Entries taken from a collection
+ + + +

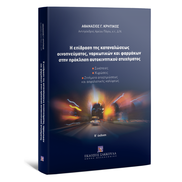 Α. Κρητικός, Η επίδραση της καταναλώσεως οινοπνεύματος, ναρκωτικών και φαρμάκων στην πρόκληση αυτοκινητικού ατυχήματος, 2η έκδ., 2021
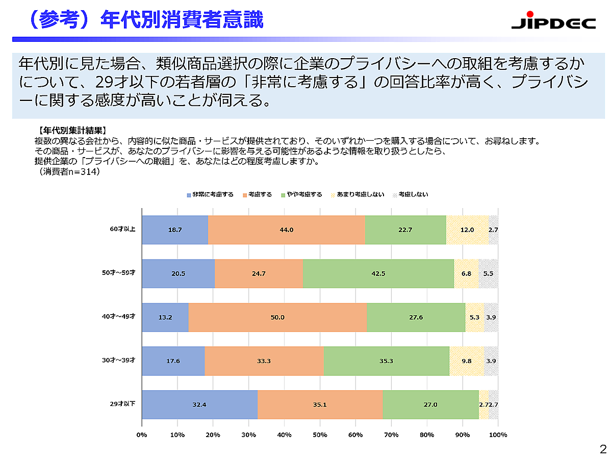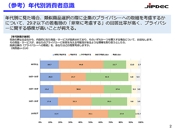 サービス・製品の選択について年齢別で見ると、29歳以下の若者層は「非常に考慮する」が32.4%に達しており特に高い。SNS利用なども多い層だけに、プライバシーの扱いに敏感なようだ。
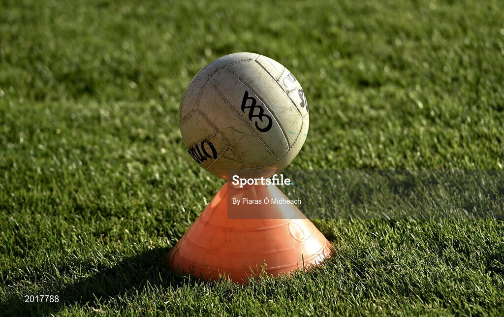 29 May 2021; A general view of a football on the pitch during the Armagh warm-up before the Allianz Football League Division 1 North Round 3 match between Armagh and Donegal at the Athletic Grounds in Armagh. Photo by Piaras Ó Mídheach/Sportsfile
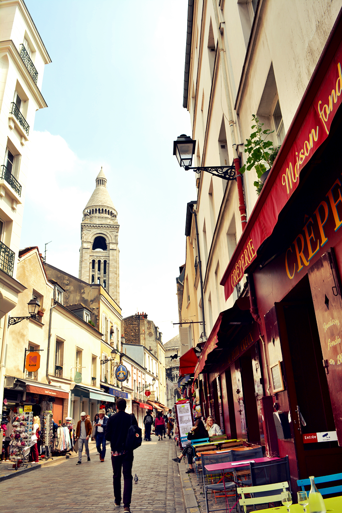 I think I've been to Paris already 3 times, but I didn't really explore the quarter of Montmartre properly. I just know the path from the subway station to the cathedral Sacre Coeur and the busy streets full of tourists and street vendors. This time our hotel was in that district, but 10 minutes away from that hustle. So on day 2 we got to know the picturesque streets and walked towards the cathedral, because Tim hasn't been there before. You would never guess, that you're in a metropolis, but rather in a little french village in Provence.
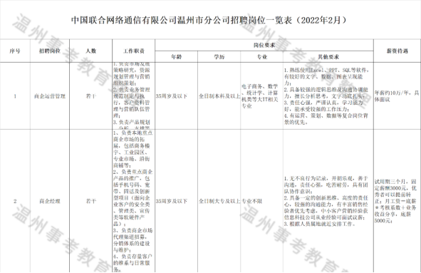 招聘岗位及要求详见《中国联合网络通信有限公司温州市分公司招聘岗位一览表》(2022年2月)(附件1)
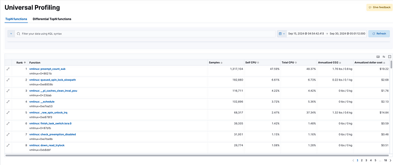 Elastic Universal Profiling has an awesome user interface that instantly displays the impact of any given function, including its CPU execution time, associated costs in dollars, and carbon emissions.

+ + + +

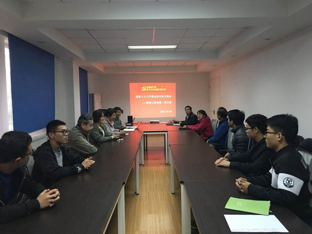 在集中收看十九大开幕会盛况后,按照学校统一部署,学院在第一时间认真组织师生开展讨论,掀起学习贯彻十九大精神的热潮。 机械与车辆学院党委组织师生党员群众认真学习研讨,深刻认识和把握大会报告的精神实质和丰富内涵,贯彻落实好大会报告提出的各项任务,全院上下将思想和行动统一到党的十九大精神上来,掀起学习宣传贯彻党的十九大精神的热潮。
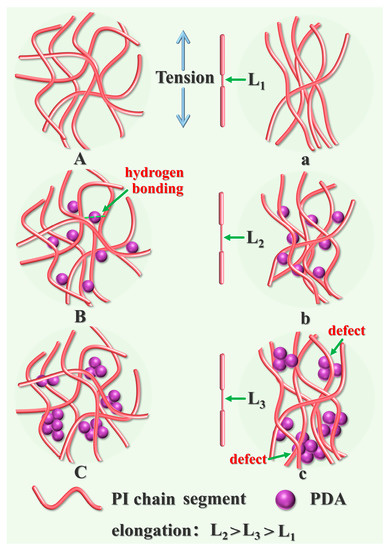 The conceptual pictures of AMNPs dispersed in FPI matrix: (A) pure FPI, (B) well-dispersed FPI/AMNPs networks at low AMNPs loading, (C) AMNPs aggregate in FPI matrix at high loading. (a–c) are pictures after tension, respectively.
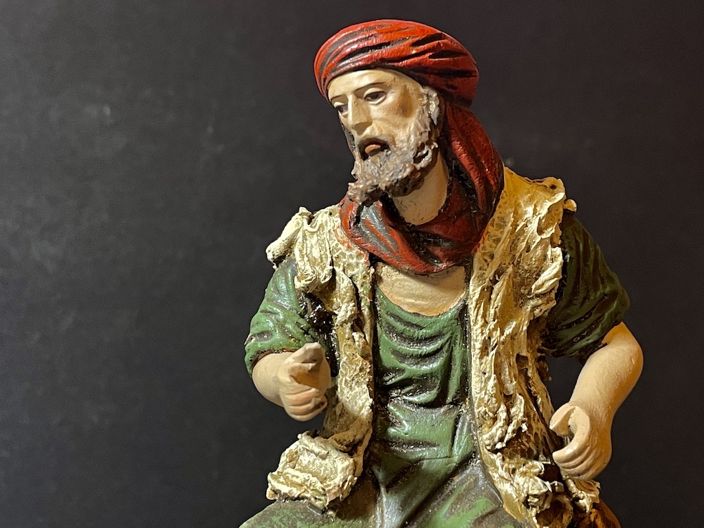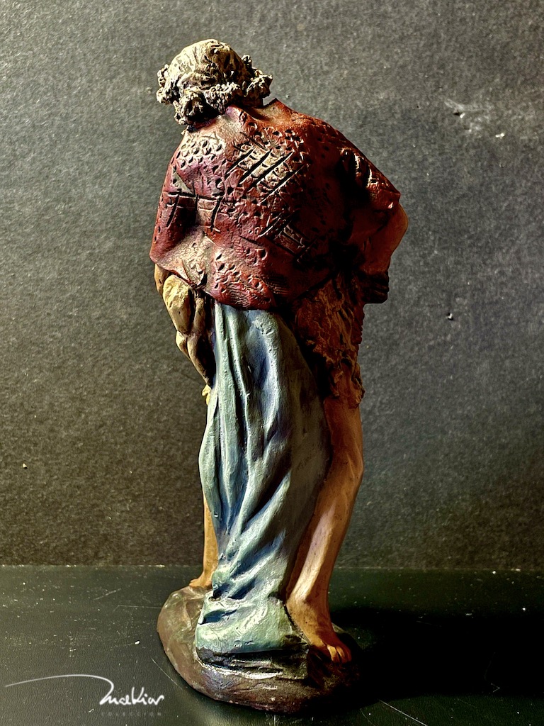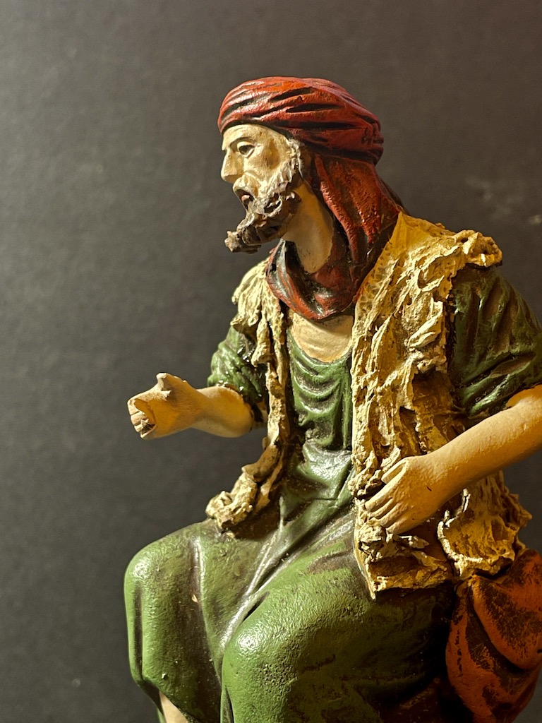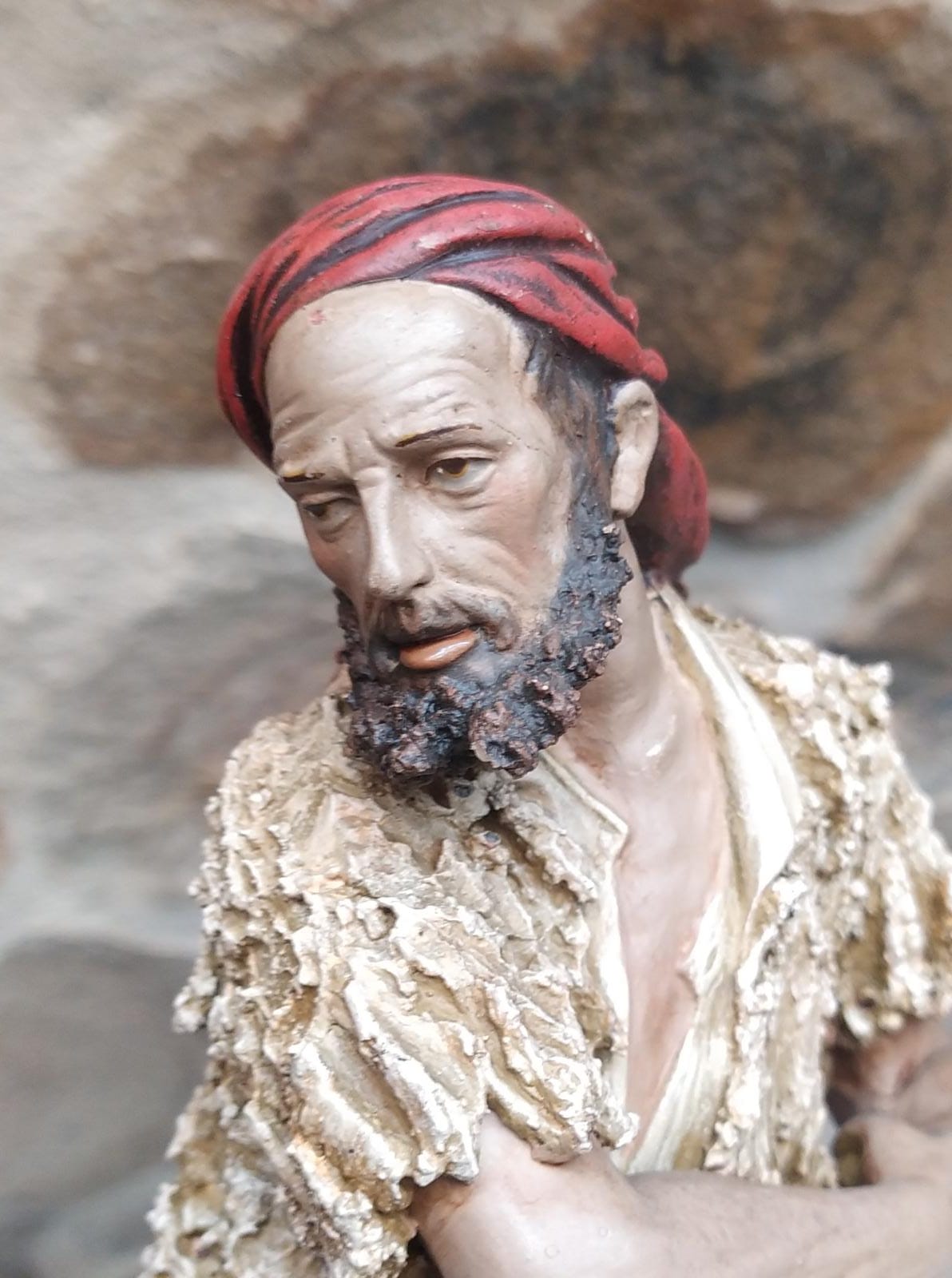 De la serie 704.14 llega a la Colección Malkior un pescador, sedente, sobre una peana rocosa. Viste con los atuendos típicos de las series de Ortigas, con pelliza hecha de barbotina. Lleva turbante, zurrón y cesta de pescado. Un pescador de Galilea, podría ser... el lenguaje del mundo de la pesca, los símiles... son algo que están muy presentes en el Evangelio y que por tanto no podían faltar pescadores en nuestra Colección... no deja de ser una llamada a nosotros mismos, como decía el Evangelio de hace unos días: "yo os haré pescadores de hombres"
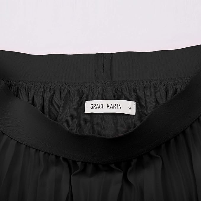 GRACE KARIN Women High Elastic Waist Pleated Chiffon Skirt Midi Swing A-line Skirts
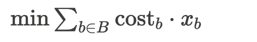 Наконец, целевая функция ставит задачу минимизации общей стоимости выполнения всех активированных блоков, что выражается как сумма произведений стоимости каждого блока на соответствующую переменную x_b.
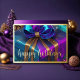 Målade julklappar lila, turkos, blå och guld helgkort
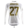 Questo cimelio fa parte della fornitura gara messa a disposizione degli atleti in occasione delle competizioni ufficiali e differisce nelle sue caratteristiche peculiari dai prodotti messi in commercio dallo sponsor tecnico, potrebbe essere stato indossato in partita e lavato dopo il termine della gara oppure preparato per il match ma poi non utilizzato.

+ + + +

_Task goal:_
Without the pictures, set down the lines above from the line with "The conceptual pictures" up to and including the line with "GRACE KARIN Women" exactly as they stand.

_Output of the task:_
 The conceptual pictures of AMNPs dispersed in FPI matrix: (A) pure FPI, (B) well-dispersed FPI/AMNPs networks at low AMNPs loading, (C) AMNPs aggregate in FPI matrix at high loading. (a–c) are pictures after tension, respectively.
 De la serie 704.14 llega a la Colección Malkior un pescador, sedente, sobre una peana rocosa. Viste con los atuendos típicos de las series de Ortigas, con pelliza hecha de barbotina. Lleva turbante, zurrón y cesta de pescado. Un pescador de Galilea, podría ser... el lenguaje del mundo de la pesca, los símiles... son algo que están muy presentes en el Evangelio y que por tanto no podían faltar pescadores en nuestra Colección... no deja de ser una llamada a nosotros mismos, como decía el Evangelio de hace unos días: "yo os haré pescadores de hombres"
 GRACE KARIN Women High Elastic Waist Pleated Chiffon Skirt Midi Swing A-line Skirts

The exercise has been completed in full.